Automedicação em debate no século XXI
Enviada em 13/08/2020
“A diferença entre um remédio e um veneno está só na dosagem.” Essa frase de Paracelso, médico e físico suíço, descreve, de forma bastante direta, a tênue linha que separa as duas faces que um remédio pode apresentar. Por esse aspecto, é possível fazer uma analogia ao Brasil atual, onde várias pessoas se automedicam, diversas vezes de forma incorreta, e o fármaco utilizado pode acabar prejudicando a saúde dos indivíduos ao invés de ajudá-los. Nesse contexto, tornam-se evidentes a falsa sensação de sabedoria e a influência midiática como fatores que agravam a problemática.
Segundo o físico britânico Stephen Hawking, o maior inimigo do conhecimento não é a ignorância, mas sim a ilusão de ter conhecimento. Logo, pode-se inferir que a falsa sensação do saber na vida de uma pessoa é muito perigosa, especialmente quando se trata de remédios. Isso porque, a partir do momento em que alguém se considera capaz de realizar a automedicação, o indivíduo pode escolher um remédio inadequado para o tratamento que necessita, ou então, consumir a dose errada do medicamento. Por conseguinte, o fármaco não dá fim a doença e em vários casos pode até agravar a situação, concedendo resistência aos agentes infecciosos.

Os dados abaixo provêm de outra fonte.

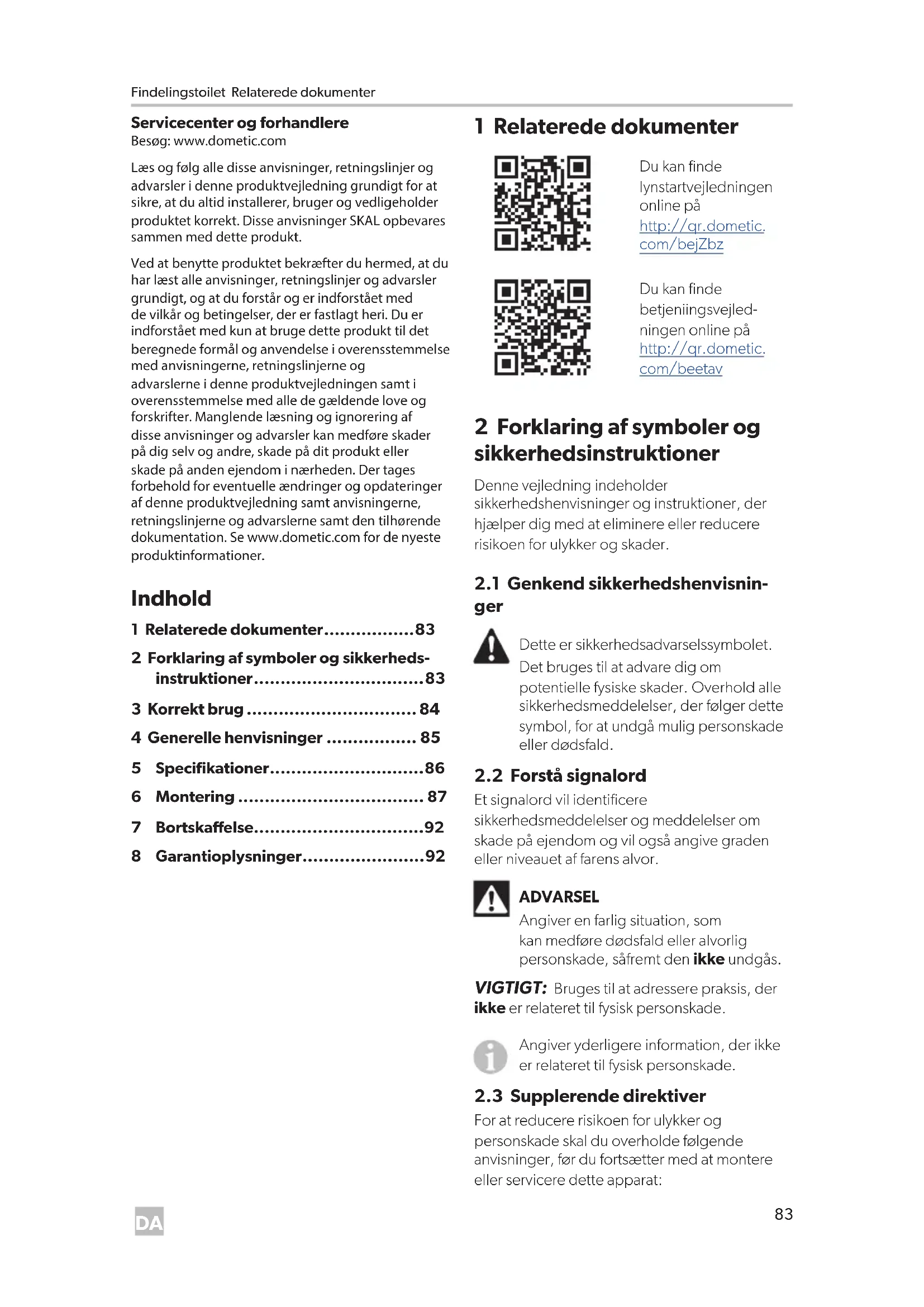 For at reducere risikoen for ulykker og personskade skal du overholde følgende anvisninger, før du fortsætter med at montere eller servicere dette apparat: Servicecenter og forhandlere Besøg: www.dometic.com Læs og følg alle disse anvisninger, retningslinjer og advarsler i denne produktvejledning grundigt for at sikre, at du altid installerer, bruger og vedligeholder produktet korrekt. Disse anvisninger SKAL opbevares sammen med dette produkt. Ved at benytte produktet bekræfter du hermed, at du har læst alle anvisninger, retningslinjer og advarsler grundigt, og at du forstår og er indforstået med de vilkår og betingelser, der er fastlagt heri. Du er indforstået med kun at bruge dette produkt til det beregnede formål og anvendelse i overensstemmelse med anvisningerne, retningslinjerne og advarslerne i denne produktvejledningen samt i overensstemmelse med alle de gældende love og forskrifter. Manglende læsning og ignorering af disse anvisninger og advarsler kan medføre skader på dig selv og andre, skade på dit produkt eller skade på anden ejendom i nærheden. Der tages forbehold for eventuelle ændringer og opdateringer af denne produktvejledning samt anvisningerne, retningslinjerne og advarslerne samt den tilhørende dokumentation. Se www.dometic.com for de nyeste produktinformationer. IndholdKorrekt brug Findelingstoilet

Além disso, é notória a influência da mídia na vida dos cidadãos brasileiros, inclusive em relação ao uso de remédios. De acordo com o sociólogo Theodor Adorno, ao sistema capitalista, o homem interessa tão somente quanto consumidor, reduzindo, assim, a humanidade na indústria de consumo. Por esse viés, percebe-se que as empresas farmacêuticas, ao divulgarem seus medicamentos por meio de propagandas nos diversos meios midiáticos, os apresentam como produtos milagrosos e que solucionam inúmeros problemas, com a intenção de aumentar suas vendas e, então, seus lucros. Consequentemente, grande parte da população adquire esses fármacos sem prescrição médica e os utilizam de modo incorreto, o que causa diversos efeitos colaterais.
Diante dos fatos supracitados, faz-se necessário que o Ministério da Saúde promova campanhas, por meio de cartazes informativos e de vídeos explicativos no meio televisivo, que esclareçam os riscos da automedicação, mediante a demonstração das complicações que esse método pode originar, a fim de conscientizar o corpo social sobre a importância de se consultar com um médico para receber o tratamento adequado. Ademais, cabe ao Governo ampliar as normas que regem a publicidade dos remédios, por intermédio da criação de novas leis que aprimorem a regulamentação desse ato, para que o povo não seja exposto a alta idealização dos fármacos. Assim, será evidente a diminuição da prática da automedicação no país.